TLP’s take: We shouldn’t take the World Bank’s prognostications as gospel—America keeps beating expert predictions for job growth and employment even as interest rates rise, after all—but it ought to be taken seriously as an index of potential problems the global economy could face through the end of the year. It’s perhaps most important to keep in mind the way the Federal Reserve’s policies affect the rest of the world.
4. U.S. global leadership still lags Germany
What happened? New polling from Gallup shows that Germany remains the top-rated nation globally for the sixth year in a row.
Why does it matter? The U.S. held the world’s esteem as the highest rated nation throughout nearly all the Obama years and promptly lost it once Donald Trump became president. Despite things improving when President Biden took office, the U.S. still lags Germany in world approval by a five-point margin.
TLP’s take: While America shouldn’t seek the approval of other nations for its own sake, it’s important for the U.S. to be held in high esteem globally if it wants to achieve its own national objectives and help achieve a stable and prosperous future for everyone.

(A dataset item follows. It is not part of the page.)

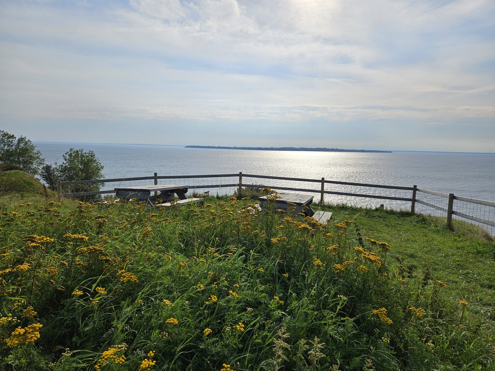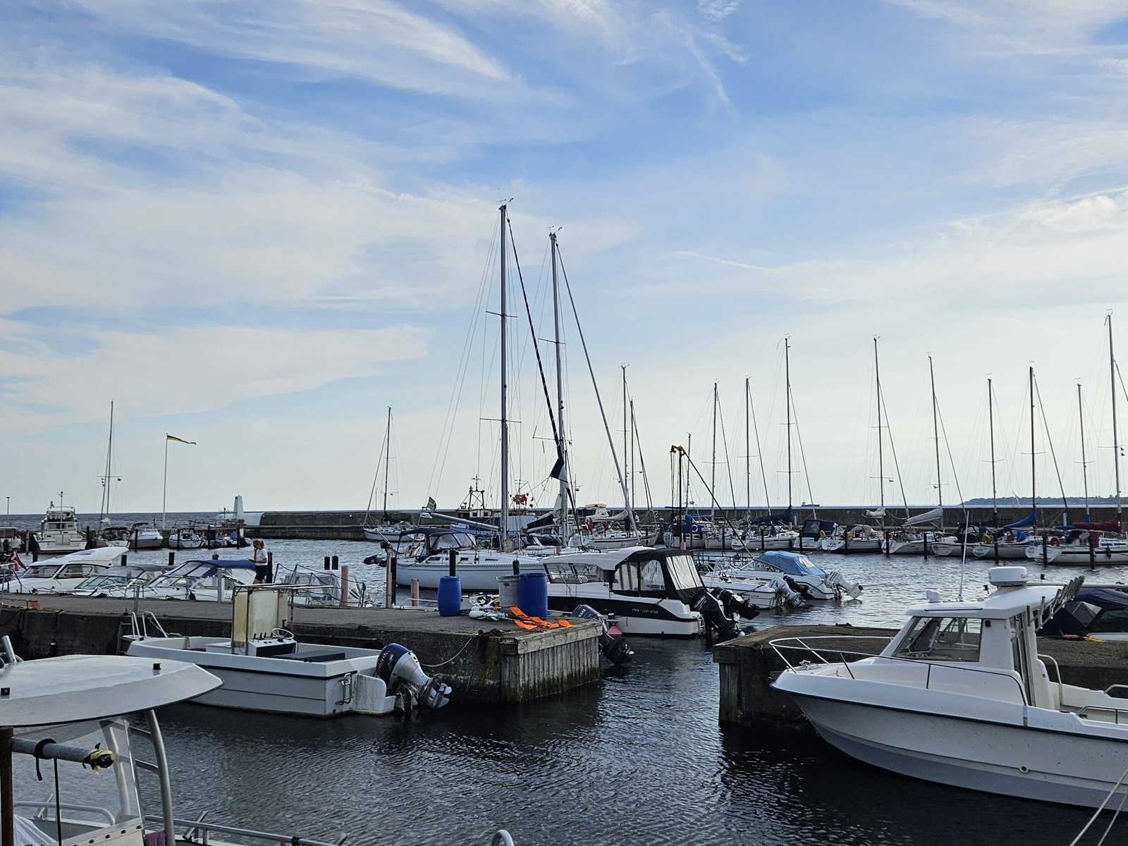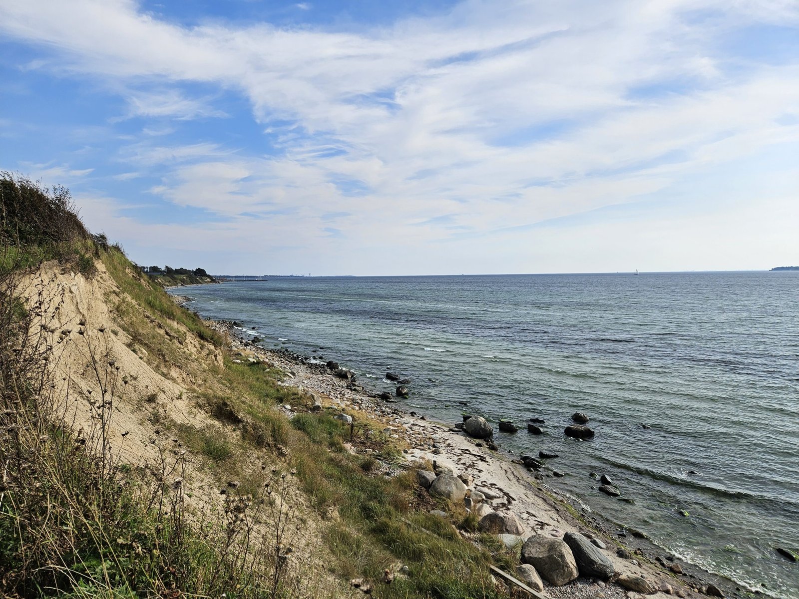 After a refreshing 30 minute break, we were ready to tackle the rest of the trail’s first leg and embark on the next exciting stage. The sun was relentless , but we were rewarded with view towards a vibrant coastline, where beachgoers, cyclists, and runners enjoyed the day too. There were serene and picturesque ports extending into the Baltic sea waters, creating a lively atmosphere. The waters were shallow and the sunrays were diffracted beautifully. We seamlessly transitioned to the second stage into the Glumslöv park, where charming houses with beautiful gardens and frontyards framed our path. The distant land in the sea, that we initially thought to be Danish, was actually the captivating island of Ven. Its presence, boosted by boats and cruise ships, were creating a beautiful coastal view not only for us but for Cormorant birds standing on the sea rocks.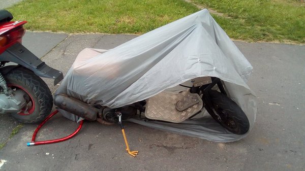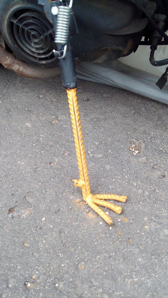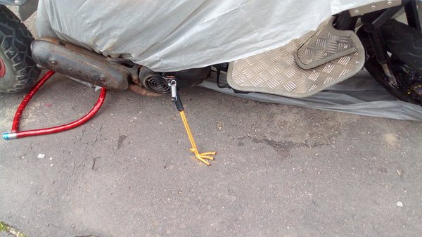 ZSE-NI-Á-LIS! Sajnos a pontos környezetet - bocsánat, művészetről van szó, szóval a kontextust - festőfólia rejti, de ha jól látom, egy komplett patkány-custom-remekműhöz tartozik. És ha belefér egy büntető szóvicc: a ponyva alól kilóg a csirkeláb.

With Russia squandering whatever goodwill it had with its aggression against Ukraine and China failing to win hearts and minds around the globe, it will be up to Biden and his successor to work closely with key allies like Germany to defend national sovereignty, democratic freedoms, and economic growth—not just for their own countries, but for the well-being of the world as a whole.
Just one more thing…
Promoting his new album in an interview with the New York Times, Indiana rocker John Mellencamp recounts how he got kicked off just about every tour he opened for in the late 1970s—and how he once “punched the blond-haired singer of the Cars” during an altercation in the recording studio.